Seu direito à saúde não é respeitado. Se não são expulsas logo na entrada pelas barreiras da discriminação e do desconhecimento, são logo em seguida descartadas pelo despreparo e o preconceito dos profissionais de saúde que em sua grande maioria parecem querer desconhecer que as necessidades de âmbito geral dessas pessoas são as mesmas de qualquer um. Por fim, são colocadas para fora pela falta de recursos humanos e materiais adequados às suas necessidades específicas. Não dispomos de um sistema de prevenção coordenado e não temos atendimento especializado. As doenças relacionadas com as diferentes deficiências se instalam na população brasileira livres de qualquer controle, sem prevenção primária, secundária ou terciária, abandonadas que estão à própria sorte, ao acaso da força pessoal de conseguir vencer e conviver com a deficiência.

Prova disso é a precariedade do sistema de concessão de órteses e próteses.

Também o direito à educação é desrespeitado. O Brasil discute ininterruptamente as reformas do ensino, as novas necessidades da educação, a criança na escola, a formação profissional, mas a educação especial inclusiva não existe como problema importante a ser enfrentado. A sociedade, através das associações de pais, assumiu a maior parte da educação das pessoas com deficiência intelectual, e o Estado, através do que sobrou dos grandes institutos, recebe as pessoas com deficiência visual e auditiva. Reafirmo: as raras exceções confirmam essa análise. O país age como se as pessoas que necessitam de educação especializada não precisassem ser levadas em conta, não estivessem entre as obrigações do

Estado com educação, quando são exatamente elas as que mais precisam e mais têm a perder se não passarem por um processo educacional.

Por outro lado, também não estão nas instituições de profissionalização nem nas disputas por colocação no mercado de trabalho. Seu direito ao trabalho não é respeitado nem na formação profissional nem na hora da disputa por competência.

A grande maioria das diferentes instituições responsáveis pela formação profissional em nosso país mantém-se fechada para elas. Os Sistemas Nacionais de Aprendizagem e as universidades ainda não são inclusivos. Desse modo, o preconceito lhes nega o direito a adquirir competência e a grande maioria não consegue nem se profissionalizar nem se empregar em igualdade de condições.

Direito ao esporte, à cultura, ao lazer, são praticamente da dimensão do supérfluo para sua grande maioria.

Diariamente elas têm desrespeitados seus direitos básicos de cidadania. Construí-los porém é simples. Não são necessários nem bilhões de dólares de investimento, nem inovações tecnológicas difíceis de alcançar, nem grandes obras, nem mesmo reformas institucionais profundas ou grandes mudanças de legislação. Mas é a discriminação baseada no preconceito e no desconhecimento que define a falta de compromisso com o problema. É preciso fazer entender o direito que as pessoas com deficiência têm de serem iguais.

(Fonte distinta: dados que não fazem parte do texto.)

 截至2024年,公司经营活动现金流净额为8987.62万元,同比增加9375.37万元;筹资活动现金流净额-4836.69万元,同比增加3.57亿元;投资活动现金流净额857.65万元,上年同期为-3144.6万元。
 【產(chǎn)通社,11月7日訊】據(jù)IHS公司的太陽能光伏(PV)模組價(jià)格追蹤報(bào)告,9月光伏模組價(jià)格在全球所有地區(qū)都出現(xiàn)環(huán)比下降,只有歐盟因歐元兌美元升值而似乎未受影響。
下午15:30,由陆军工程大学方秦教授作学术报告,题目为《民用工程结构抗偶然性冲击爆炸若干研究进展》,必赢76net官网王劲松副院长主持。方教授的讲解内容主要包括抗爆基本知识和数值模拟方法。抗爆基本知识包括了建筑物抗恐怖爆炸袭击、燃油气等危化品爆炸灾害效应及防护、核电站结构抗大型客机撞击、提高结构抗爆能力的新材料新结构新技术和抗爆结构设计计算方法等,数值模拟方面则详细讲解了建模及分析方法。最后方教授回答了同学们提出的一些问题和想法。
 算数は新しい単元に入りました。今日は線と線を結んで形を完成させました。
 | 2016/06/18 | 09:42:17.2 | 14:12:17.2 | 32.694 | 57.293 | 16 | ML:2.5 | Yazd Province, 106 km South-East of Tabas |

O reconhecimento da diferença e a luta pela igualdade devem ser os marcos de uma democracia onde todos têm os mesmos direitos e são cidadãos da mesma categoria.

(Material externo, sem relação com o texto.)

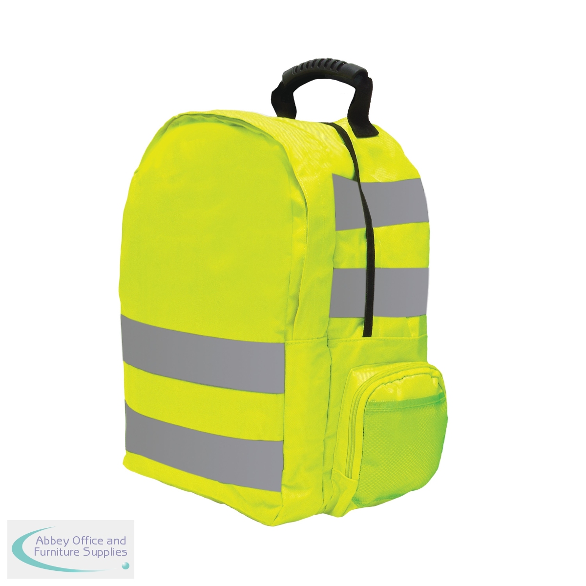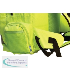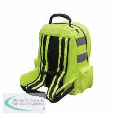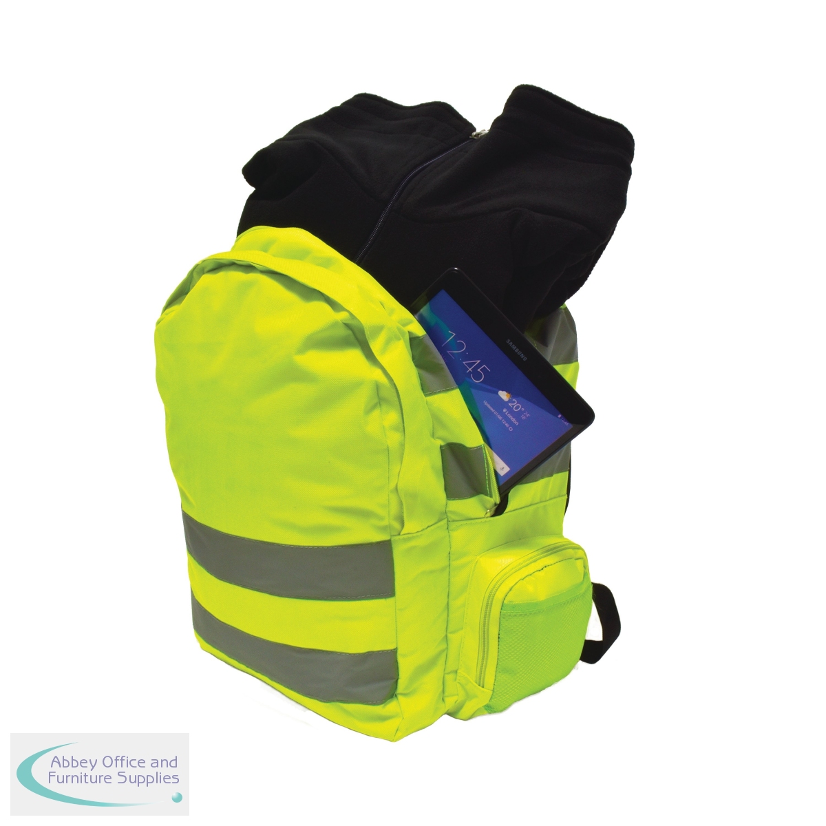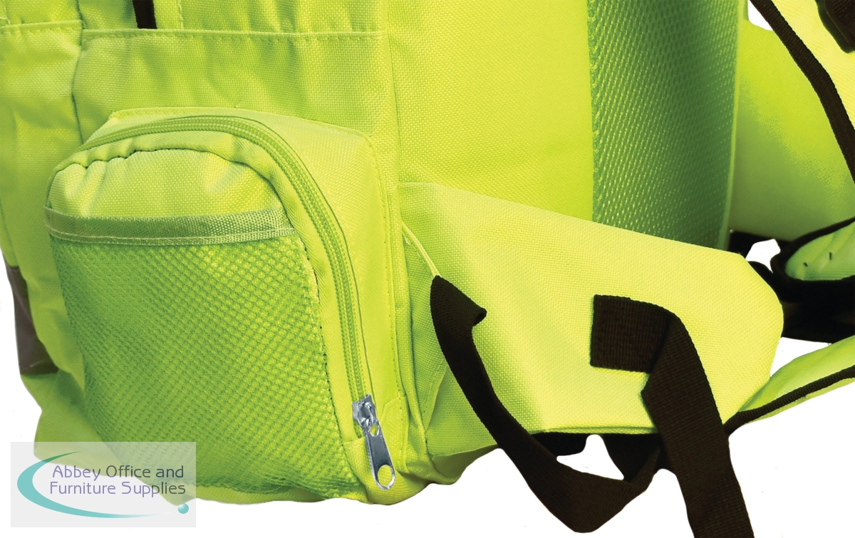 The Monolith Laptop Backpack is a bright yellow high visibility backpack with additional reflective strips on main panel and sides for all round visibility. The bag has a large main compartment with padded 15.6 inch laptop pocket and additional pockets for belongings. Large front pockets with organiser section and additional zipped mesh pockets to the sides. Transparent name card holder for easy identification. The bag has padded shoulder straps, chest belt and padded waist belt for added comfort. Material conforms to EN ISO2047/DIN.

O preconceito se forma com a necessidade de eficiência e produtividade do mundo moderno somada à ameaça que a pessoa com deficiência representa através de suas limitações.

É como se o homem fosse avaliado não pelo que tem de humano, pelo seu conteúdo, mas pelo que tem de aparência, por sua representação. Nesse contexto, a diferença e a falta representados na deficiência são uma ameaça à busca de perfeição do homem moderno.

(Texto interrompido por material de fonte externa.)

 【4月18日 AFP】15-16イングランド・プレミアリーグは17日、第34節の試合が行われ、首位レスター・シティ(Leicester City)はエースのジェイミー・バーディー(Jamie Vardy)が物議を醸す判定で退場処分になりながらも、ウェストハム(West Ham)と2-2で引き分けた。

Existe um pacto entre Estado e sociedade em nosso país em relação a essa questão. O acordo começa quando o assunto é mantido na área da assistência social, da caridade, do paternalismo, passa pelas falsas políticas de participação e se completa quando entende a deficiência como diferença e aceita a cidadania incompleta dos diferentes.

É essa cidadania diferenciada que mantém a pessoa com deficiência longe.

É preciso acreditar na construção de seus direitos em nosso país, participar dessa construção; e ela só acontecerá quando houver consciência social para exigir o respeito à diferença, quando entendermos que só uma sociedade inclusiva pode construir uma democracia verdadeira.